EXERCISE DIRECTIONS: What's needed is an exact retyping of the lines from the start of the listing up to and including the line with "之手,是本團隊睽違超過 25 年來所打造的第一個全新宇宙。", minus any pictures.

┌─ SUPPLIED MATERIAL

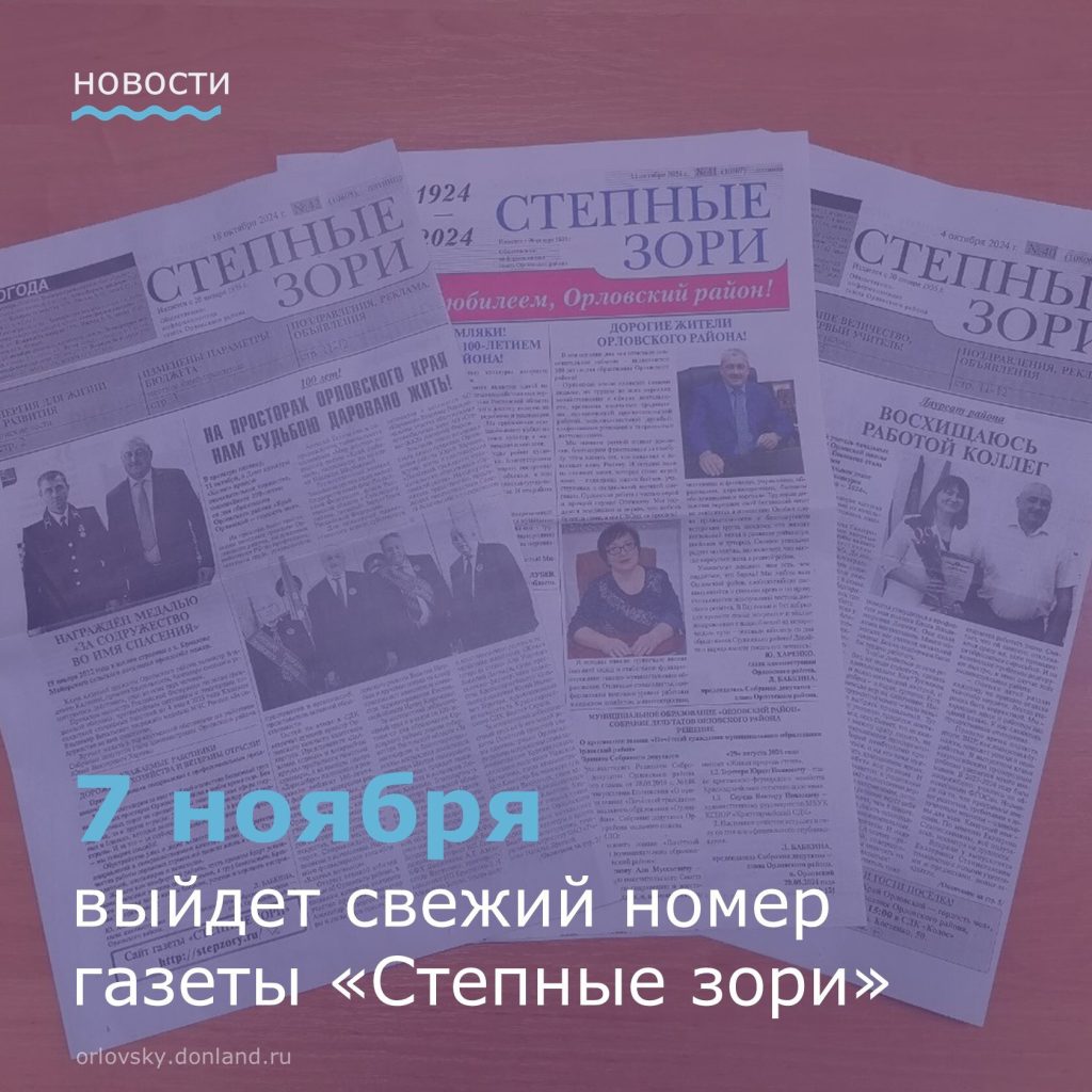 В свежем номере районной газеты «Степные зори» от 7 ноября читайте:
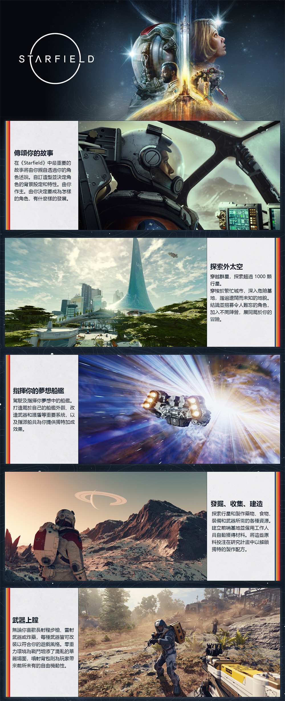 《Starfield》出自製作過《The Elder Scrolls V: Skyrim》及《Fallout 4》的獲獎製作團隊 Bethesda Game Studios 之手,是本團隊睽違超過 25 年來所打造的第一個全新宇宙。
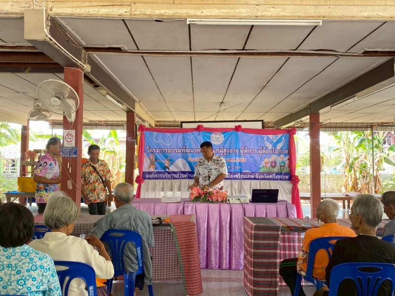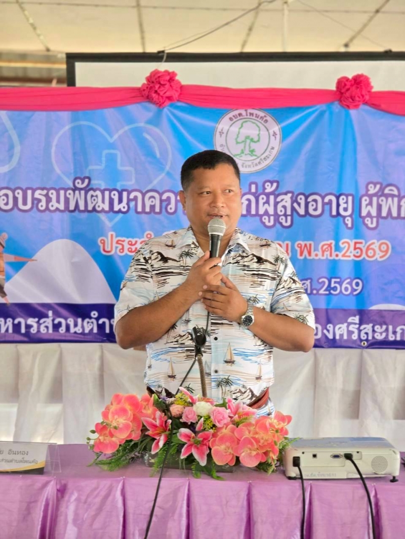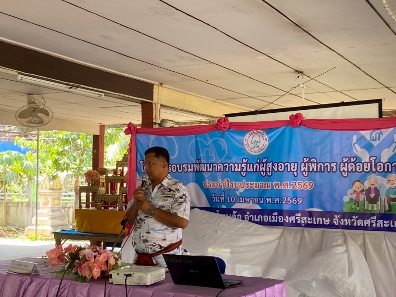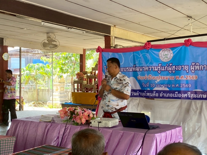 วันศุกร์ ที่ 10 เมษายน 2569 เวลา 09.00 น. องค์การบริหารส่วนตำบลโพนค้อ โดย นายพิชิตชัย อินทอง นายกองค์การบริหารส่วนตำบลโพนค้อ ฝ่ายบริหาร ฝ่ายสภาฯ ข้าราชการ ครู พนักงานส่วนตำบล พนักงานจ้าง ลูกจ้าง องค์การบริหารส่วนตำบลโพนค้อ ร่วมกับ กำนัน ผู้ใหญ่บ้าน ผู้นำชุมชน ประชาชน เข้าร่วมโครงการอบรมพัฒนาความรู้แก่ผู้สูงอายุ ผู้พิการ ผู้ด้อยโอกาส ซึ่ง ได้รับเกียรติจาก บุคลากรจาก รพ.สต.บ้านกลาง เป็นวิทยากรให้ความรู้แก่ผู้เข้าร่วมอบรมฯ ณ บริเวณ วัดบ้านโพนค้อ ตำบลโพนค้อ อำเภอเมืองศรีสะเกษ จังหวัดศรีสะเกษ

└─

RESPONSE AREA:
 В свежем номере районной газеты «Степные зори» от 7 ноября читайте:
 《Starfield》出自製作過《The Elder Scrolls V: Skyrim》及《Fallout 4》的獲獎製作團隊 Bethesda Game Studios 之手,是本團隊睽違超過 25 年來所打造的第一個全新宇宙。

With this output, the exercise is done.